It's been a few months now that Sigrid Armenteros was back on track with her second solo album, Confluencias (EGREM, 2018), reinserting herself in the Cuban musical arena. Her name is still unknown to many, but she is not a newcomer. At 36 years old, this singer has been dedicated to music since adolescence and looking for the particular spirit of her own label, capable of breaking down all defenses. Now she lets see what was to come.
Daughter of Máximo Armenteros, musician of Los Zafiros, takes the creation in the marrow of his bones. She was a member of Steel Band Habana, directed by Emilio Piñeiro, which allowed her to develop in the Caribbean sphere of calypso, merengue, son and guaracha.
Sigrid played the metallic drums, until in a presentation she dared in front of the microphone. Convinced that her place was in the songs, there began to develop the concern to compose her own songs. Step by step, collaborating with different groups, she joined the Cuban Rap Agency and began her solo career with the release of the album Camínalo (2013).
With this second installment Sigrid proposes an intimate musical universe, with all the good and the bad that comes with the audacity to try it. She departs a bit from her first album and offers a phonogram with less surprises in terms of rhythms and with a predominance of afro jazz patterns, although she also presents a mixture of soul, pop ballad, funk, R & B and Latin jazz with contemporary arrangements.
Stands out in Confluencias the rhythmic base on which they dialogue in different keys but with related emotions, the sound of the instruments that build a musical universe full of inflections. On this occasion, Sigrid has not been able to avoid the temptation to be flanked by some of the best instrumentalists of the circuit: Ernán Cortés on the drums, Omar González on the bass, Irán Farias on the percussion, José Portillo on the piano and Víctor Benítez on the sax and production.
The Intro that opens the album is quite a cover letter with its own hallmark. It promises the entrance of a good jazz record. You feel motivated to continue listening to the balanced and enjoyable jam from start to finish.
However, the great disadvantage is that, after passing this starting point, the album leaves the listener with a bittersweet feeling. The voice of Sigrid too sweet, turns sometimes monochromatic, without nuances; fortunately there are exceptions like Trayectoria, with a marked influence of bossa nova in jazz discourse; the pop ballad Silencio; and Ni tan ruda ni tan fría, intimate detail inside the album that closes the cycle initiated by Intro.
The fusion with which the vocalist tries to reorient her sound, seldom flows coherently and ends up being a kind of patching of rhythms united almost randomly. As a more symptomatic example, Nada con todo, a song that starts high with a good jazz jam, to pass without preamble to an unexpected rap that as it arrives it goes, giving march to a montuno with tres included. Although it may have been the highlight of the record, the stylistic crossover remains divided into chapters and the song divided into syllables.

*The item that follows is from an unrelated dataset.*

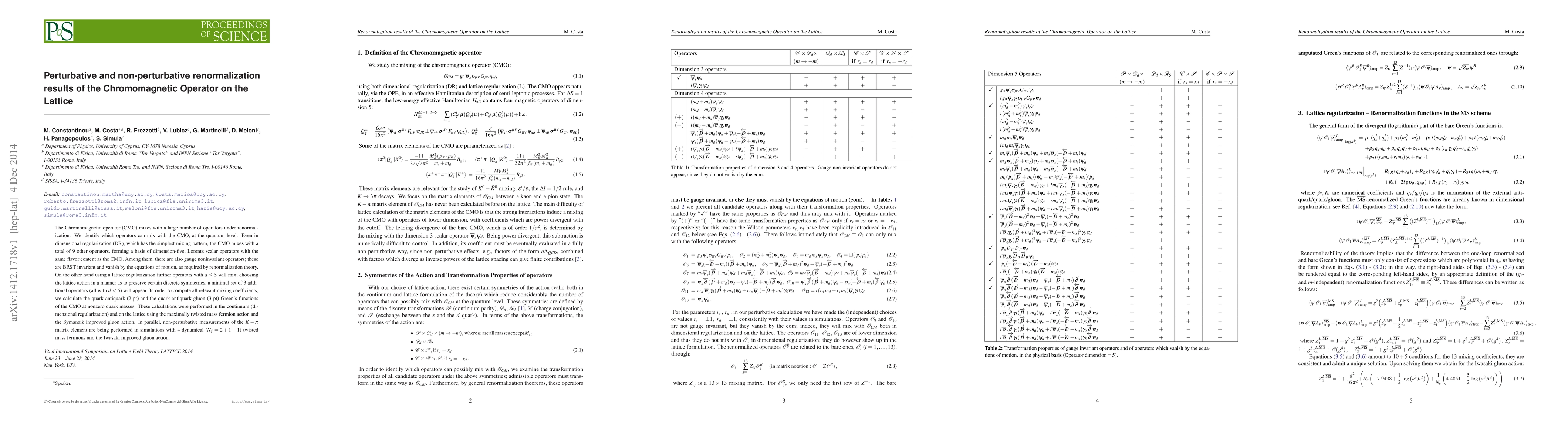 The Chromomagnetic operator (CMO) mixes with a large number of operators under renormalization. We identify which operators can mix with the CMO, at the quantum level. Even in dimensional regularization (DR), which has the simplest mixing pattern, the CMO mixes with a total of 9 other operators, forming a basis of dimension-five, Lorentz scalar operators with the same flavor content as the CMO. Among them, there are also gauge noninvariant operators; these are BRST invariant and vanish by the equations of motion, as required by renormalization theory. On the other hand using a lattice regularization further operators with $d \leq 5$ will mix; choosing the lattice action in a manner as to preserve certain discrete symmetries, a minimul set of 3 additional operators (all with $d<5$) will appear. In order to compute all relevant mixing coefficients, we calculate the quark-antiquark (2-pt) and the quark-antiquark-gluon (3-pt) Green's functions of the CMO at nonzero quark masses. These calculations were performed in the continuum (dimensional regularization) and on the lattice using the maximally twisted mass fermion action and the Symanzik improved gluon action. In parallel, non-perturbative measurements of the $K-\pi$ matrix element are being performed in simulations with 4 dynamical ($N_f = 2+1+1$) twisted mass fermions and the Iwasaki improved gluon action.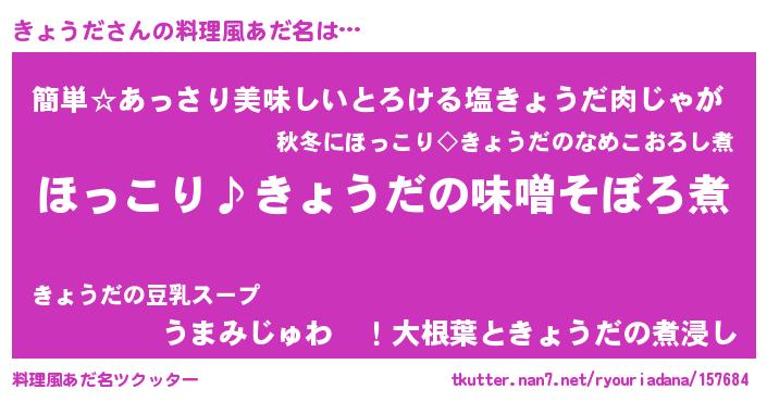 | ファンタジー風あだ名 | 『キョフェル』『キョディッシュ』 |

In Confluencias only two covers appear. One of them is the song Overjoyed, by Stevie Wonder, played by a Sigrid that is as dazzling as it is exasperating at times, with a misty diction that is lost among the arrangements and does not accompany the jazz tempo on the track. The other side of the coin is Te quedarás, by Alberto Barreto, where the artist shows all her audacity by successfully adapting to the contemporary mode the monster song popularized by Benny Moré.
Unlike her first installment, with Confluencias the artist does not seek so much to create social awareness with her lyrics, but rather to give rise to the intimate atmosphere of the jazz club. But, although getting out of the tracks is always daring and enriching, her proposal in principle attractive does not make the sparkle jump. This new amalgam of expressive nuances and first class instrumental accompaniments, does not serve much when accompanied with lyrics that say little. With its ups and downs, Confluencias returns the artist to the Cuban musical scene, while representing another step in a trajectory that is worth taking into account.